- D. M. Francis House
- U.S. National Register of Historic Places
- Location: 1456 Meade Ln., Flagstaff, Arizona
- Coordinates: 35°13′06″N 111°39′26″W﻿ / ﻿35.21845°N 111.65717°W
- Area: less than one acre
- Built: 1917
- Architectural style: Bungalow/craftsman
- MPS: Flagstaff MRA
- NRHP reference No.: 86000902
- Added to NRHP: April 30, 1986

= D. M. Francis House =

Historic house in Arizona, United States

The D. M. Francis House, at 1456 Meade Lane in Flagstaff, Arizona, is a historic bungalow house which was home of a large-scale sheepman. It was built in 1917 and was listed on the National Register of Historic Places in 1986.

It was built as a home for D. M. Francis, who was prominent in sheepraising in Coconino County. Francis "was one of the only 47 pioneer sheepmen who established ranches in Coconino County between 1881 and 1890." Francis teamed up with Hugh E. Campbell in forming the Campbell-Francis Sheep Co., which was one of the largest sheepraising companies in Arizona in the early 1900s.

In 1943 the front of the house was partially covered by vines.

The house was surveyed as part of a study of historic resources of Flagstaff in 1985; the study termed it "the finest local academic example of
the Craftsman Bungalow style combining wood detailing with the massive walls and porch piers of locally available malpais rubble."

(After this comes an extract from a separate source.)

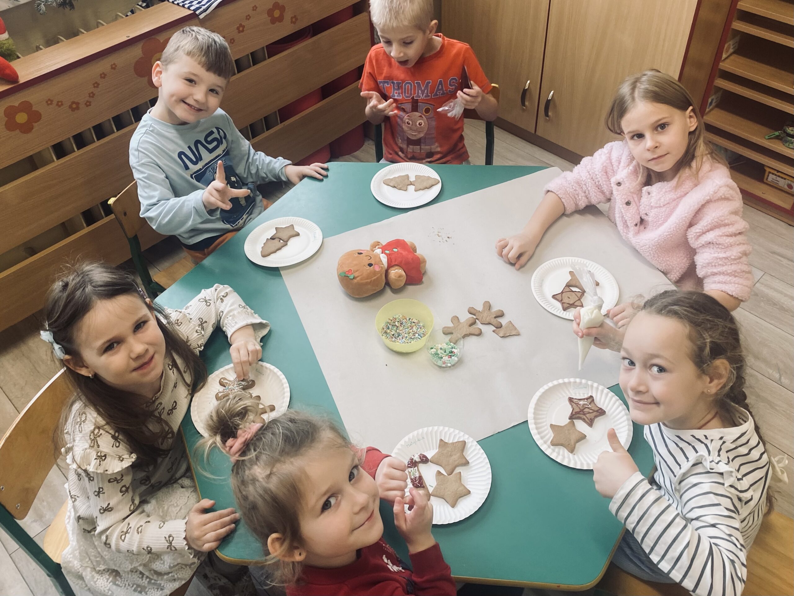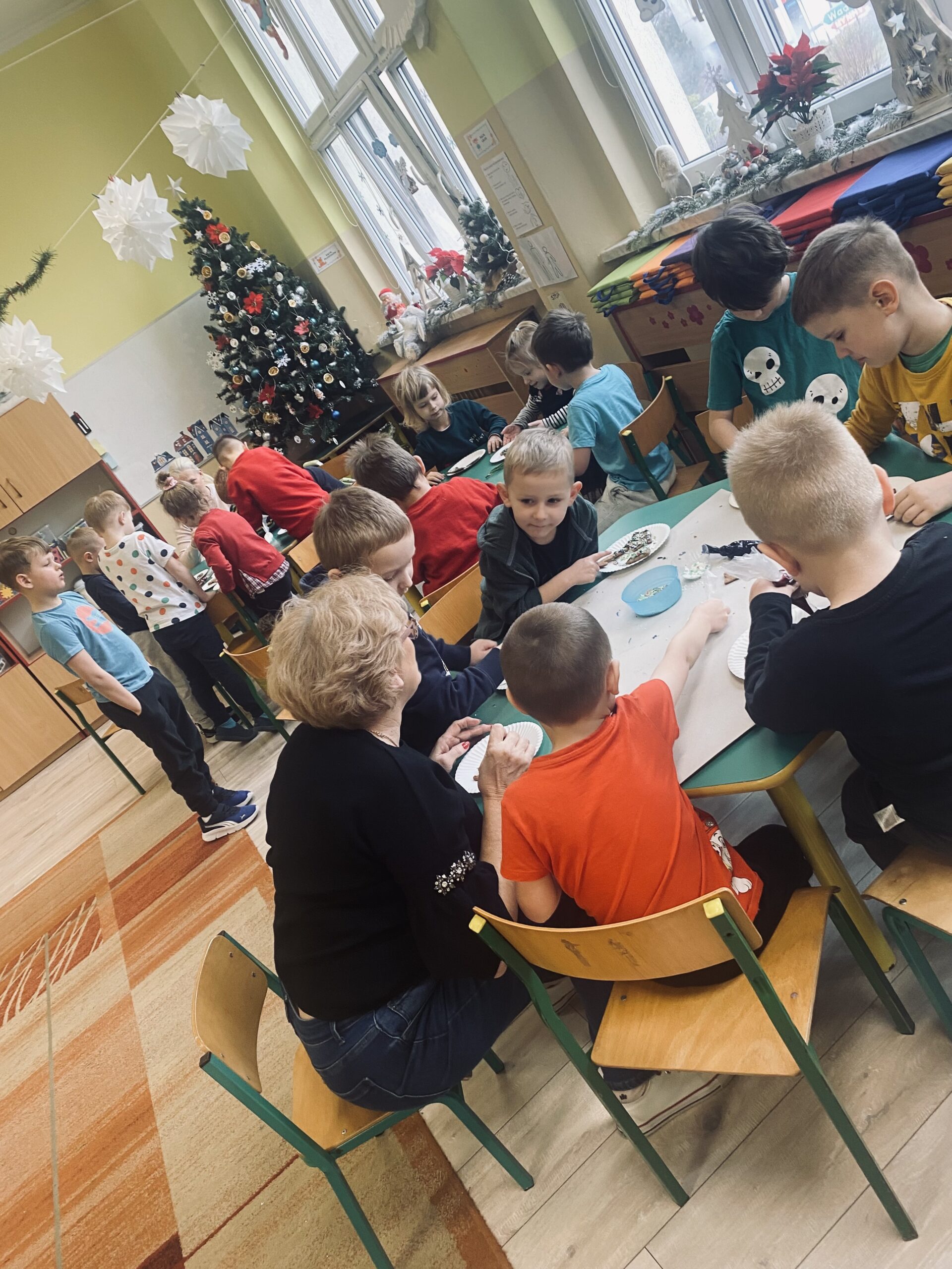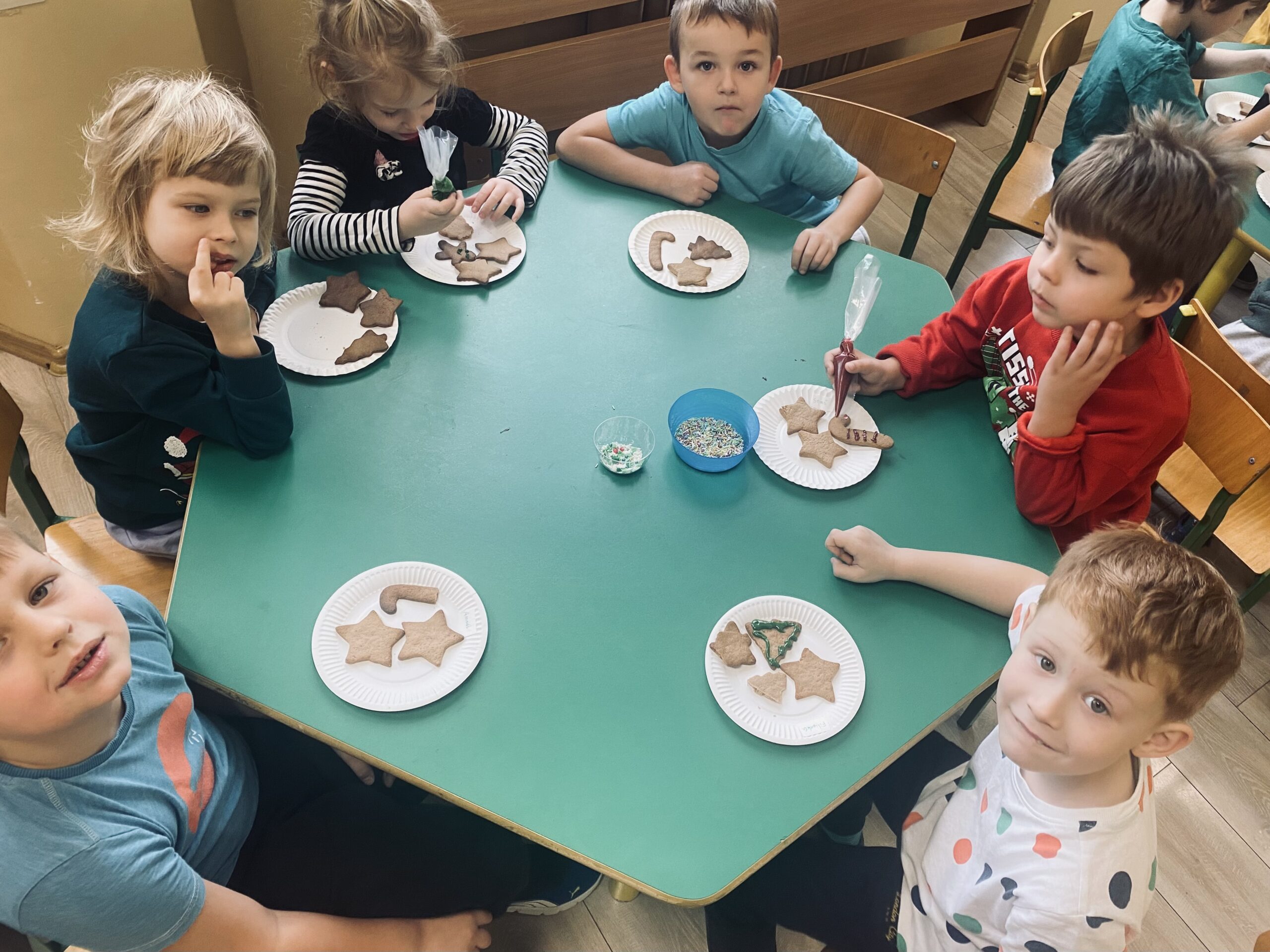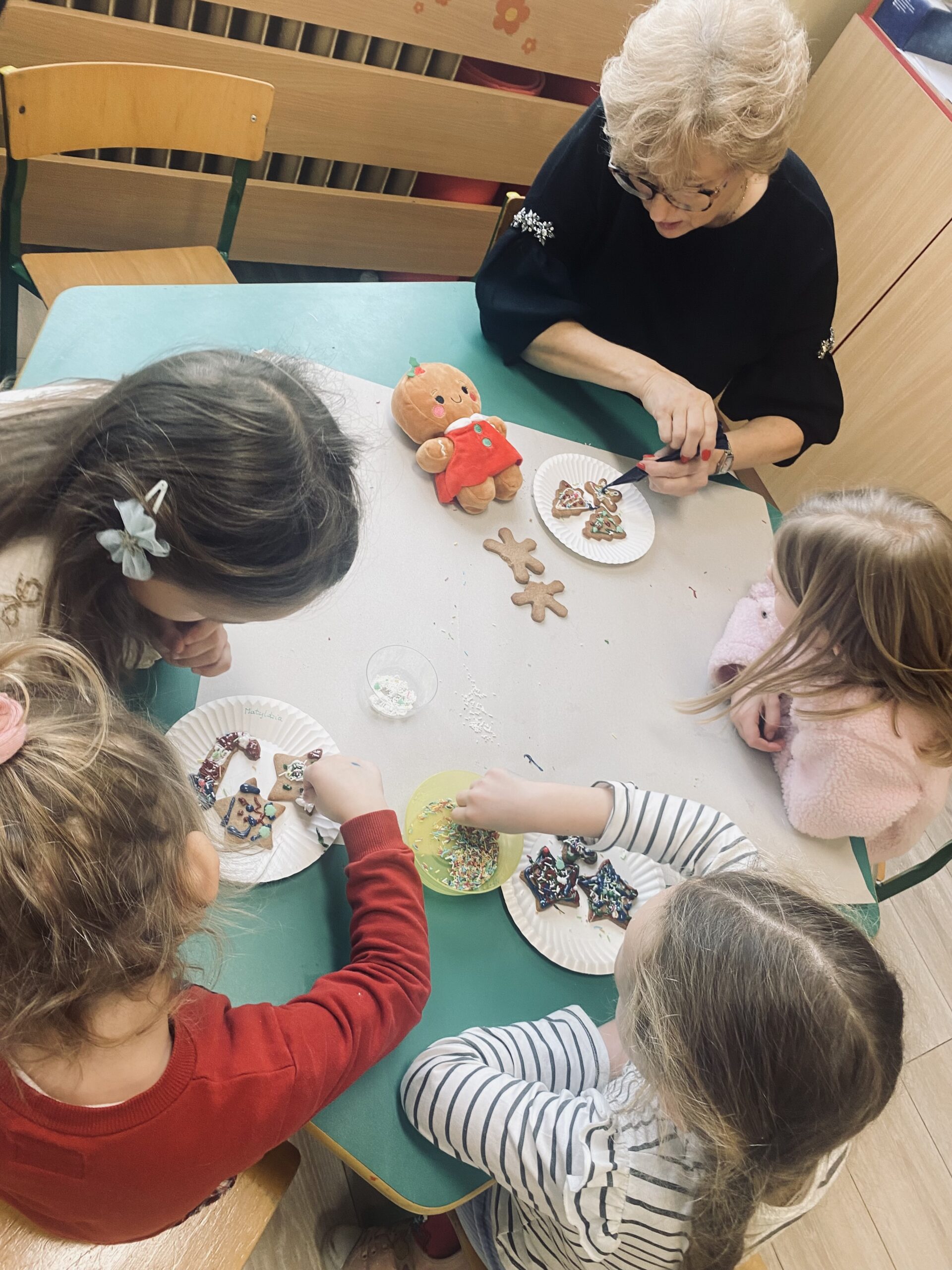 Podczas zajęć przedszkolaki z wielkim zaangażowaniem i radością zdobiły świąteczne pierniczki. Dzieci rozwijały swoją kreatywność, ćwiczyły sprawność manualną oraz współpracę, tworząc kolorowe i pachnące wypieki. Miłym wydarzeniem była wizyta Pani Dyrektor, która dołączyła do dzieci i wspólnie z nimi dekorowała pierniczki.

It was deemed significant for association with Francis and as the "best local representative of the Bungalow style." The house "fully articulates the design concepts and themes of the Bungalow style", and its "use of locally available malpais rock in construction combined with wood shingled walls is a classic expression of the Craftsman principles.

Google Streetview imagery from 2009 shows that the porch has been closed in with windows in between the malpais columns of the porch, which detracts from the Bungalow styling and from the historic character of the house.